In cloud computing environments the clock literally starts ticking the moment an application instance is launched. How long should that take?

The term “on-demand” implies right now. In the past, we used the term “real-time” even though what we really meant in most cases was “near time”, or “almost real-time”.  The term “elastic” associated with scalability in cloud computing definitions implies on-demand. One would think, then, that this means that spinning up a new instance of an application with the intent to scale a cloud-deployed application to increase capacity would be a fairly quick-executing task.

That doesn’t seem to be the case, however.

Dealing with unexpected load is now nothing more than a 10 minute exercise in easy, seamlessly integrating both cloud and data center services. 

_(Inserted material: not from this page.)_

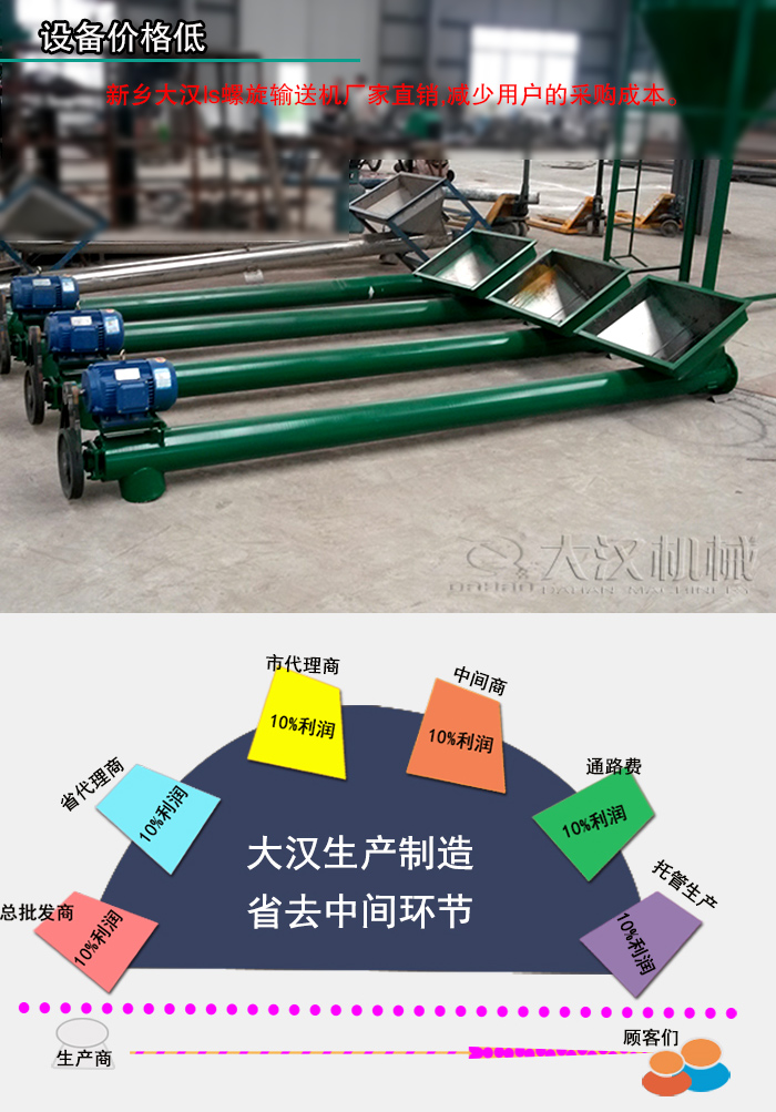 新鄉(xiāng)大漢ls螺旋輸送機(jī)廠家直銷,售出的每一臺(tái)設(shè)備都是直接面向我們的用戶,不存在中間商,可以在一定程度上減少用戶的采購(gòu)成本。

            -- Cloud computing, load balancing, and extending the data center into a cloud, The Server Room 
                                                    

A Twitter straw poll on this subject (completely unscientific) indicated an expectation that this process should (and for many does) take approximately two minutes in many cloud environments. Minutes, not seconds. Granted, even that is still a huge improvement over the time it’s taken in the past. Even if the underlying hardware resources are available there’s still all of the organizational IT processes that need to be walked through – requests, approvals, allocation, deployment, testing, and finally the actual act of integrating the application with its supporting network and application delivery network infrastructure. It’s a time-consuming process and is one of the reasons for all the predictions of business users avoiding IT to deploy applications in “the cloud.”

IT capacity planning strategy has been to anticipate the need for additional capacity early enough that the resources are available when the need arises. This has typically resulted in over-provisioning, because it’s based on the anticipation of need, not actual demand. It’s based on historical trends that, while likely accurate, may over or under-estimate the amount of capacity required to meet historical spikes in demand.